The Britons had already established a wool industry when the Romans invaded in 55BC, bringing with them sheep that were larger and had finer, white wool. Later when the Vikings arrived they brought their own breeds of black-faced, horned sheep, which became ancestors of today`s Blackface, Swaledale and Herdwick. From these three groups of primitive breeds began to evolve the many diverse breeds and crosses which make the British wool clip so unique.
 
Cloth making was widespread by the 12th century and considerable revenue was made from exports of both wool and cloth. Until the 18th century, wool quality was the main criteria used in any breeding decisions. It was only after the industrial revolution, when British agriculture had to produce more food to meet the demands of the growing industrial communities, that breeding for meat took preference. The process of improving and refining British sheep breeds to meet consumer’s changing tastes and preferences has continued and wool has become a by-product, although breeding for both need not conflict.
 
Today the UK has the most varied wool clip in the world.

There’s been some controversy in the past over the ethics of producing wool in terms of the impact it has on the sheep, how do you feel about those concerns?

Sheep have grazed in Britain, providing wool – one of our greatest natural resources – for thousands of years. Sheep are part of the land and have evolved, not to just survive, but to thrive in these local conditions.  
 
Due to the geographical location of the UK, we get 4 distinct seasons. Mountain ranges and ocean currents also influence our weather, so there is much differentiation across our small country. The changing weather has been a constant companion to British sheep and they have adjusted to it over many generations. Sheep living on the harsh hills and mountains grow thicker, more robust wool, while sheep in the lowland areas are more likely to have softer wool. The wide variation in fleece and the suitability of certain breeds to certain areas is a phenomenon unique to British sheep breeds.
The UK farming industry is unique, and classed as non-intensive in global terms. The average UK sheep farm size is small, with around 300 - 350 sheep per farm, compared to farm sizes around the world, with 4000 - 5000 sheep per farm and sometimes up to 10,000 sheep per farm.
 
Our sheep live outside, often on open hills or moorland.  Each flock is hefted to the land, meaning that they have a lifelong knowledge of their grazing patch that has been passed from ewe to lamb.
The sheep are gathered and handled only 2-3 times in the year, to support the lambing time and shearing.
 
Sheep have evolved to be dependent on humans to remove their wool so shearing practice is an essential part of animal welfare.

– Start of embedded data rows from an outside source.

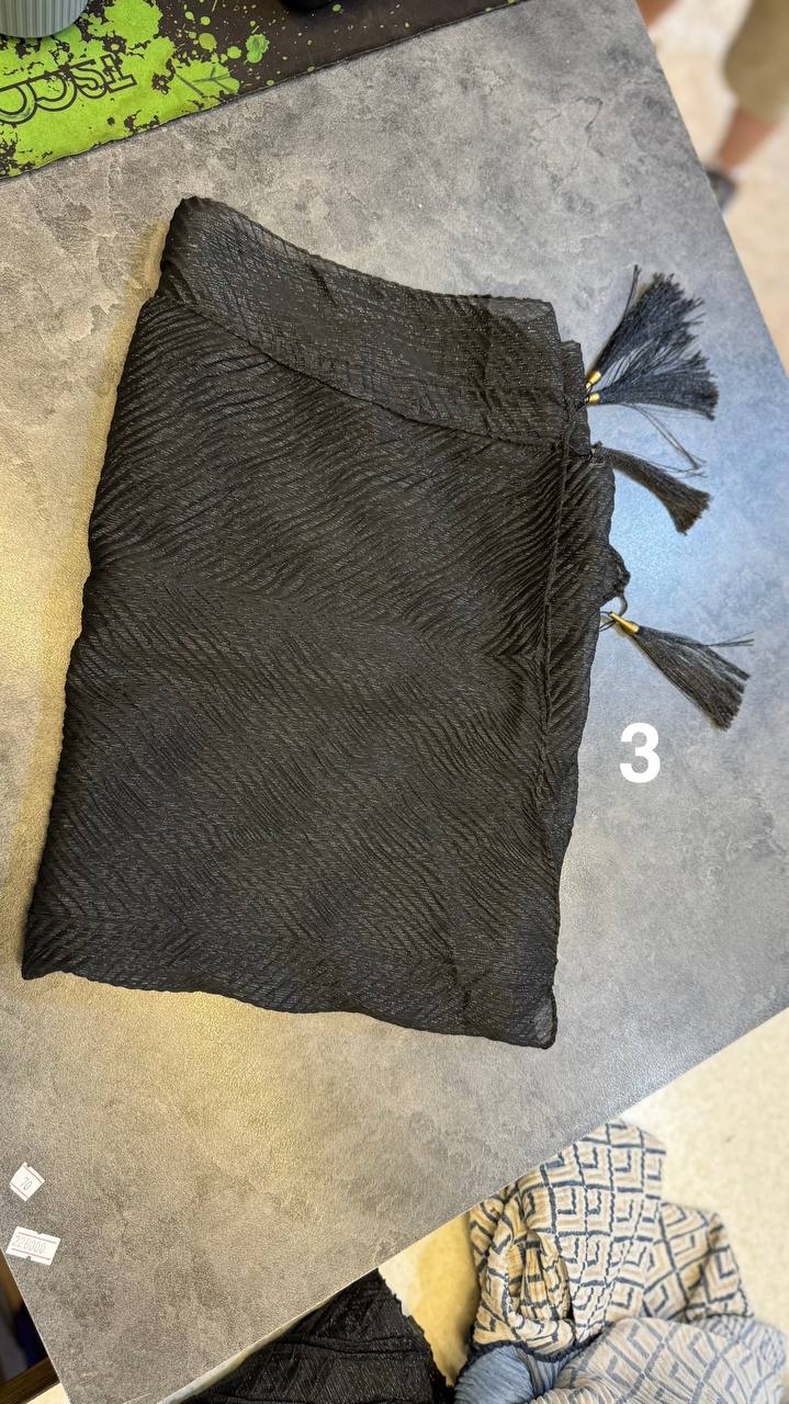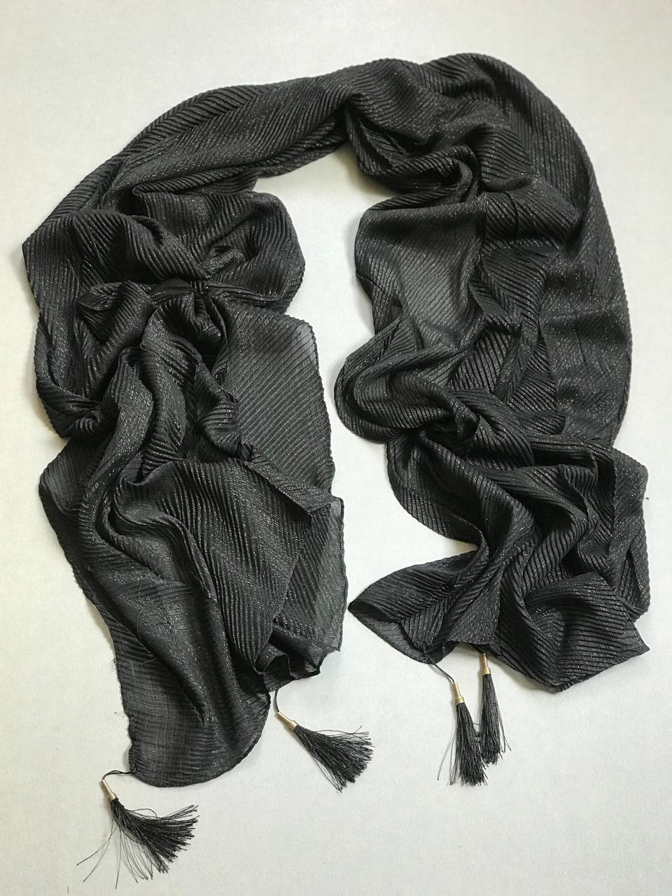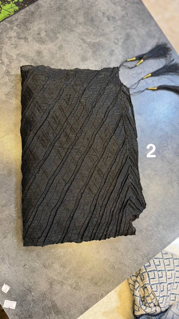 شال پلیسه لمه منگوله دار تک مشکی مجلسی (جین 6 تایی کد 552)
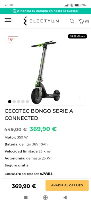 Patinete eléctrico Cecotec Bongo Serie A Connected en color gris y verde. - Motor de 350 W. - Batería de litio 36V 10Ah. - Velocidad limitada a 25 km/h. - Autonomía de hasta 25 Km. - Incluye seguro gratis.
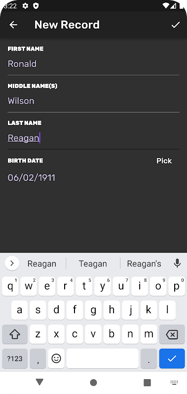 関心のある人物の数秘術パラメーターを決定するには、その人物のエントリを作成します (画面の右下隅にあるボタンをクリックした後)。その人の名、ミドルネーム、姓 (または少なくとも名) と生年月日を入力します。新しいエントリがメイン画面に表示されたら、それをタッチすると、この人物の主要な数値パラメータがすべて表示されます。数秘術のコアについては入門コースで詳しく説明しますが、他のすべてのパラメーターについては今後のコースで説明します。
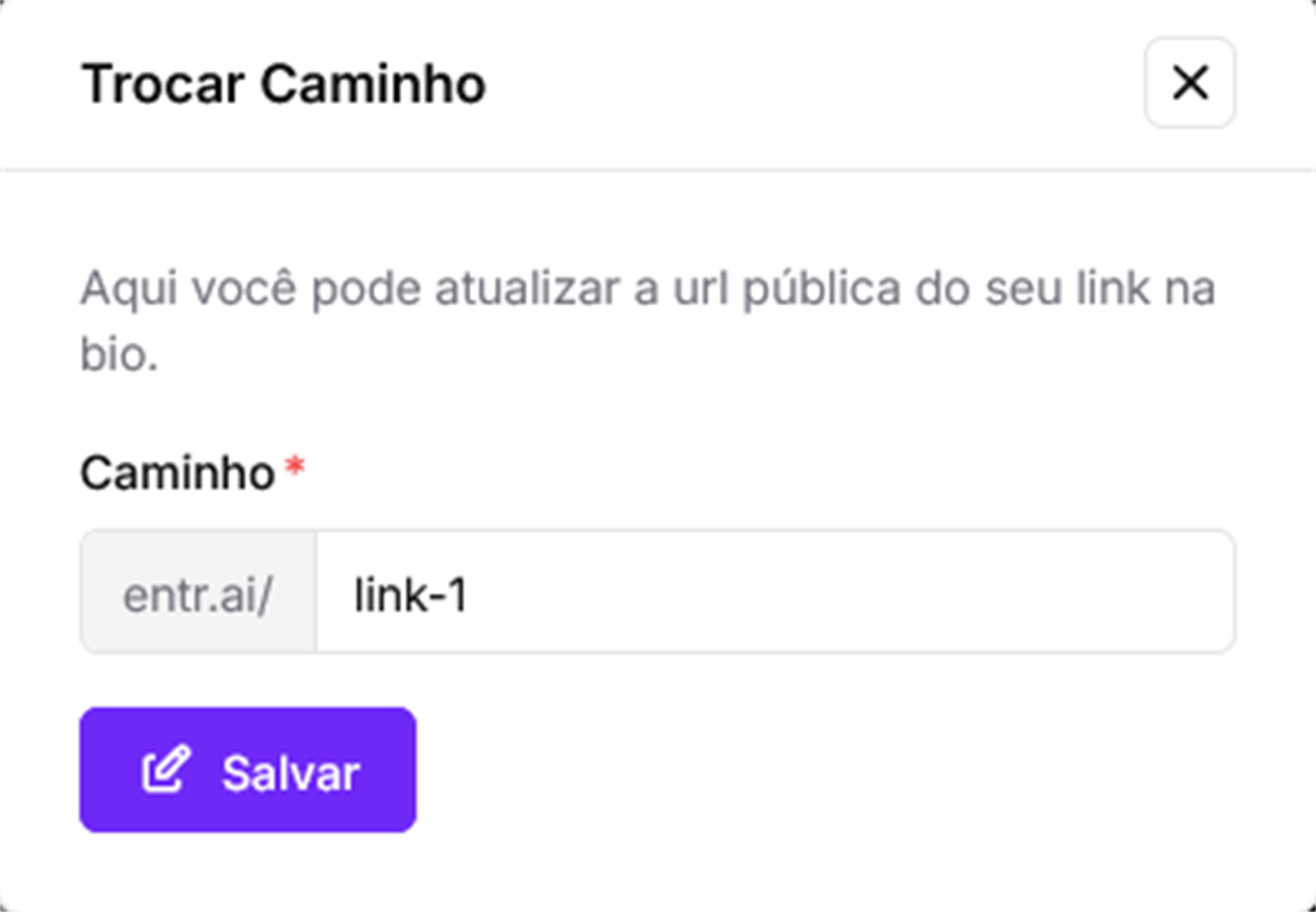 Lembre-se: o caminho deve conter apenas letras, números e hífens (-). Além disso, ele precisa ser único, ou seja, não pode estar sendo usado por outro link na Entrai.
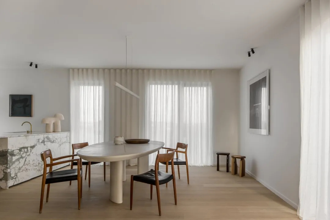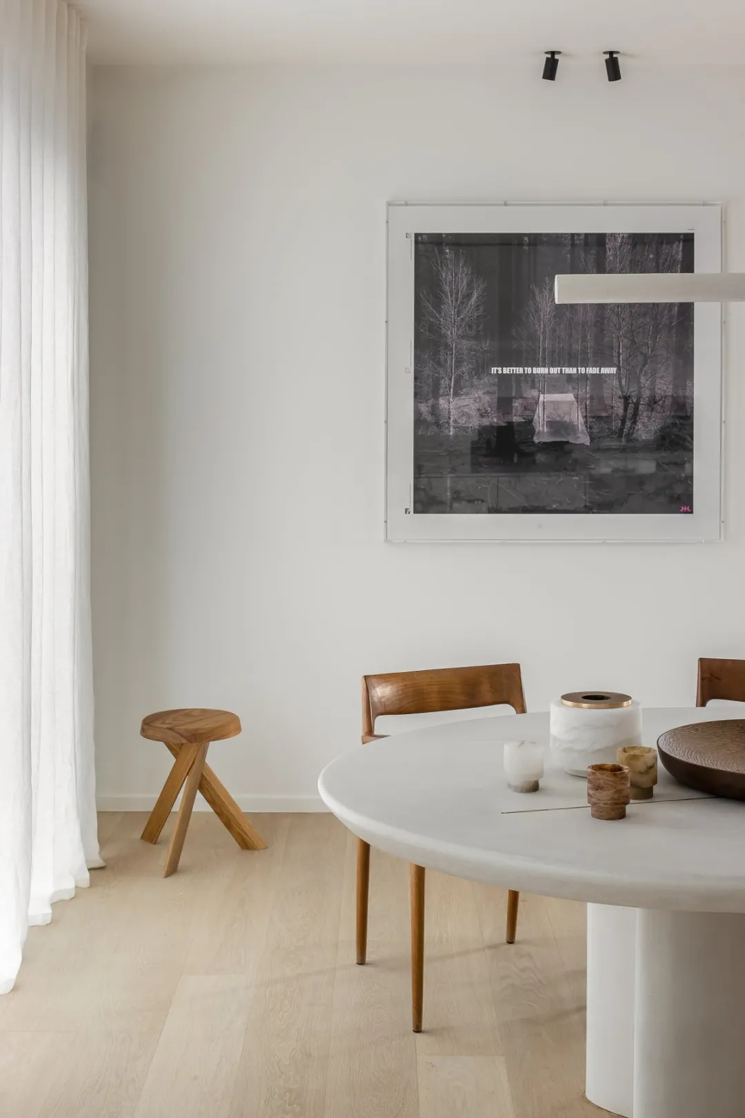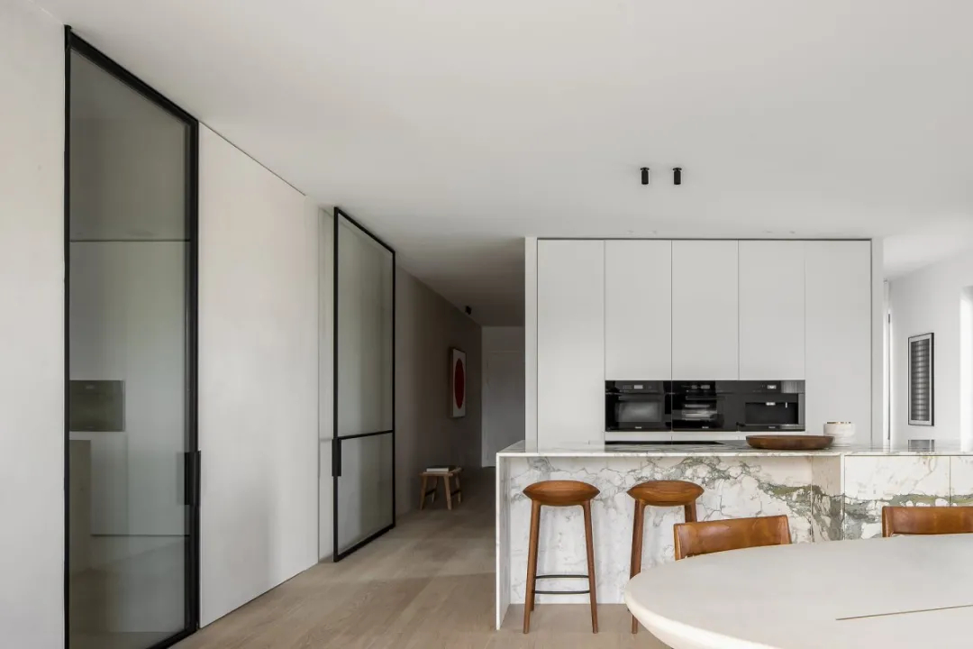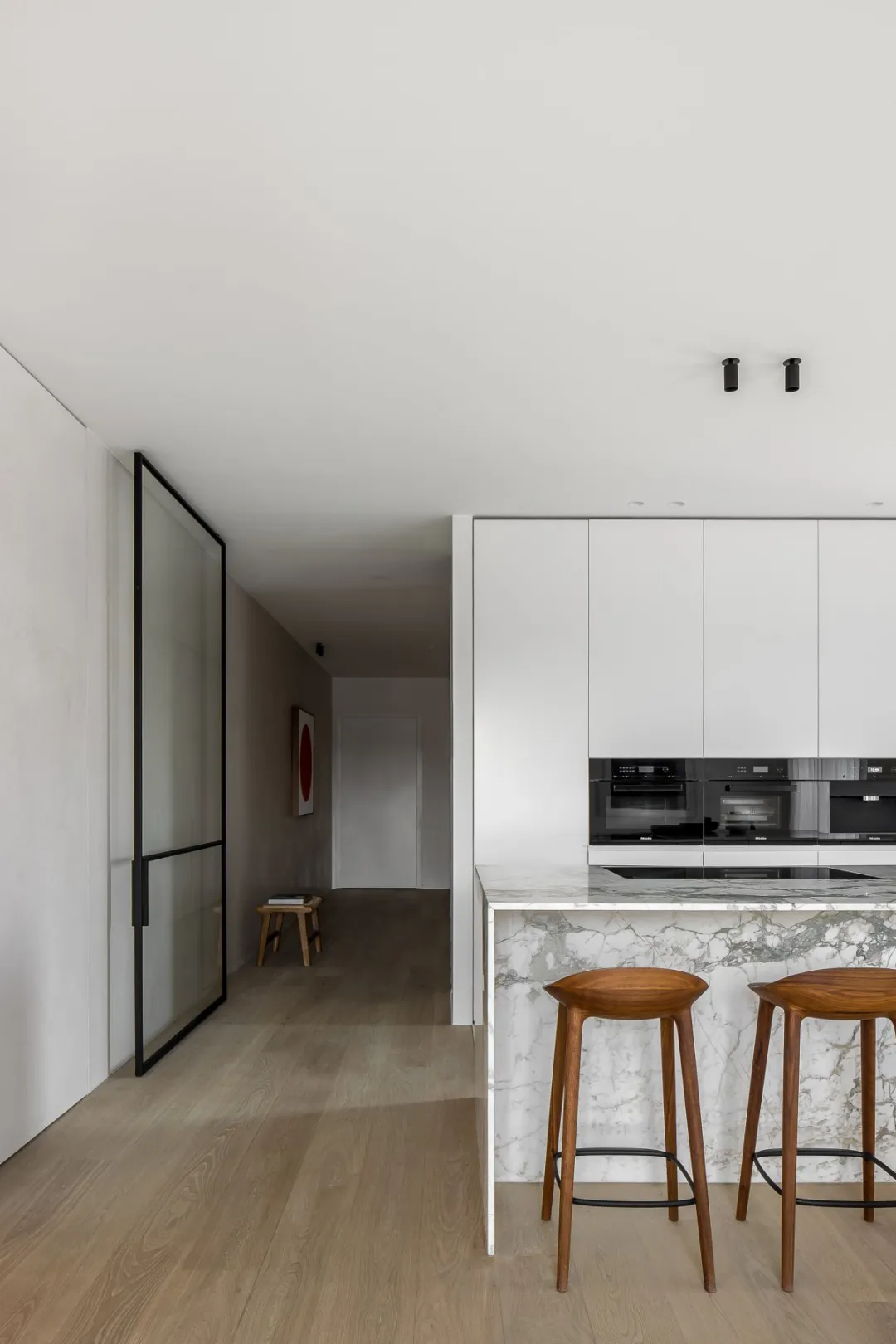 VPS是位于比利时Oudenaarde的一间250㎡的私人住宅。客户青睐于乡村的清新空气,他们想在这座城市中拥有一个可以将他们从城市生活的喧嚣中分离出来的极简公寓。为了创造一个经得起时间考验的室内空间,Thais Niville选择了无可挑剔的产品和细节,并将其完美地带入了这间住宅中。

What is the purpose of British Wool today? How has it evolved since its foundation?
 
Today British Wool is owned by approximately 40,000 sheep farmers. Our responsibility is to collect, grade, market and sell British wool on behalf of our producers to the international wool textile industry. Today sheep farmers receive the actual market value for their wool. Until 1992 they received a guaranteed price, set by the government.
 
The shepherds crook logo trademark was established in 1972, and is still used today to signify products which use genuine and verified levels of British wool. This gives consumers confidence that they are purchasing a product of provenance and quality, designed to last for years to come.
 
Wool auction sales are held on a fortnightly basis at British Wool’s Bradford Head Office and the auction – once open-cry – is now fully computerized, offering a fully transparent picture on the sale as it progresses. An average sale will currently offer about 1.5 million kilos of British Wool, and all wool is sold in greasy (prewashed stage) in unified graded lots.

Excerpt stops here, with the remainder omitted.